In una emergenza nazionale come quella che stiamo vivendo, un governo che non agisca nell'ombra, ma invece per il bene dei suoi governati, dovrebbe rispondere nel modo più chiaro possibile ad alcune questioni.

  1. Quanto durerà il prestito che sarà fatto all'Italia?
  2. Questo prestito andrà restituito in qualche maniera, prima o poi?
  3. A quali condizioni?
  4. Ricorreremo al MES oppure agli Eurobond? E perché l'uno oppure gli altri?
  5. Non sarebbero migliori gli Eurobond, che rendono comune il debito, secondo il decantato spirito europeista?
  6. Chi controllerà l'operazione? Per caso la Troika formata da Unione, BCE e FMI?
  7. Se non riuscissimo a rispettare tappe e importi della restituzione quali sarebbero le conseguenze?

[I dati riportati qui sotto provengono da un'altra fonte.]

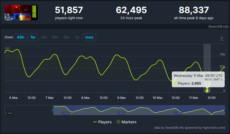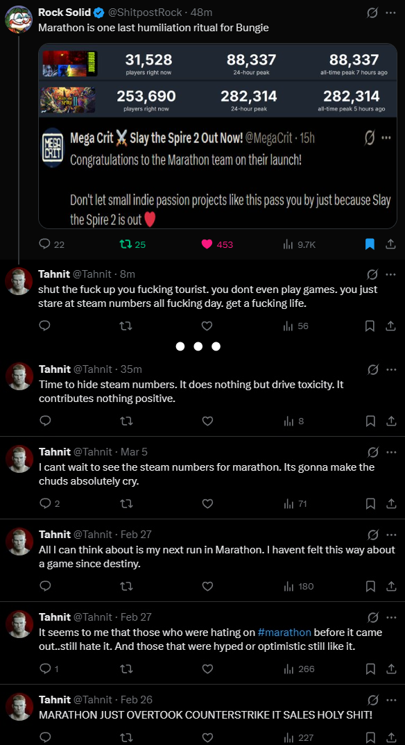 Highguard was free-to-play, spiked to 97k, then died in like two weeks and is sitting at ~250-300 concurrent right now. Marathon is $40 paid entry, hit 88k, and is still holding 35k+ a week later with actual patches dropping. Not even close to the same situation.You're still proving the guy's point. By obsessing this hard and moving the goalposts to one meaningless metric, you're just setting yourself up for max humiliation if it doesn't instantly crater. Just let it flop naturally like you claim you want.
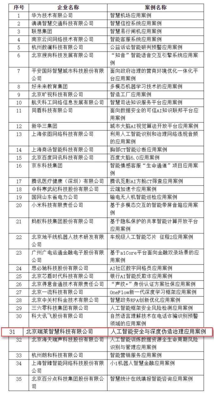 為發現和挖掘人工智能行業的最新場景和杰出企業,進一步推動我國人工智能健康穩健發展,中央網信辦信息化發展局面向人工智能社會實驗特定方向,開展了企業應用案例征集,并組織人工智能社會實驗專家組評審,最終遴選出35個典型應用案例,瑞萊智慧與華為、百度、曠視、商湯、依圖等企業共同入選其中。

  8. Perché l'Unione Europea non si accolla almeno le migliaia di migranti, che continuano a sbarcare in Italia mentre gli “indigeni” sono confinati in casa? Siamo ormai il Bed & Breakfast dell'Europa, oppure no?
  9. Perché, invece di prestarci questi soldi (per ora gratis, poi si vedrà), la UE non ci riconosce per qualche anno il differenziale fra quanto versiamo e quanto riceviamo dalle casse comunitarie?
  10. Se il denaro ce lo facessimo prestare da altri (USA, Cina, Russia...) l'Europa come reagirebbe?

Il falò pauperista ravvivato in questi giorni da Graziano Delrio, guarda caso del Pd, con l'antico cavallo di battaglia delle sinistre, cioè la patrimoniale, per far piangere anche i “ricchi”, è una delle più grandi trovate antidemocratiche che si possano ideare. Non sarà che i “non ricchi” siano invece caduti dal falò alla brace, sempre più numerosi, perché l'Europa e l'euro da due decenni ci massacrano? E le masse disarticolate, che capziosamente i sostenitori del Poco Per Tutti ci descrivono come risorse, e comicamente come salvatori delle nostre pensioni, non servono forse ad abbassare i salari degli italiani, ormai ridotti al precariato e all'elemosina del reddito di cittadinanza? 
Mentre noi abbiamo aiutato tutti, ma proprio tutti, comprese le imprese della Tunisia, i tedeschi, oggi detestati insieme con i loro compari olandesi, pensano prima a sé stessi. Questa è una guerra e in guerra si deve sconfiggere il nemico e salvarsi la pelle: loro lo fanno e i nemici siamo noi, dipinti come amici, ma inaffidabili. Ma noi, ridotti come siamo, dobbiamo forse salvare la pelle a soldati che stanno meglio di noi? Il soldato ferito, come noi italiani, non andrebbe invece soccorso e sostenuto da due, tre, dieci commilitoni, invece di essere lasciato morire? Questa è la domanda che geni della politica e avvocati del popolo come Giuseppe Conte dovrebbero porre ad Angela, Ursula e Christine e ai funzionari di Bruxelles pagati 25 mila euro al mese e ai sepolcri imbiancati del Club Bilderberg e della Trilateral, dove davvero si decidono i nostri destini, altroché l'Europa con la sua bandiera azzurra, le stelline e l'Inno alla Gioia. 
Presto canteremo il De Profundis, invece, ma un popolo con gli attributi la pelle la venderebbe cara, prima di farsi schiavo di chi lo ha messo nel sacco. Un esempio soltanto. Esistono altri prestatori, altre banche, qualcuno senza i paraocchi ha messo sul mercato le criptovalute, i bitcoin. Sono strumenti ancora in gran parte sconosciuti, ma non più dei misteri che ci propina questa Europa matrigna.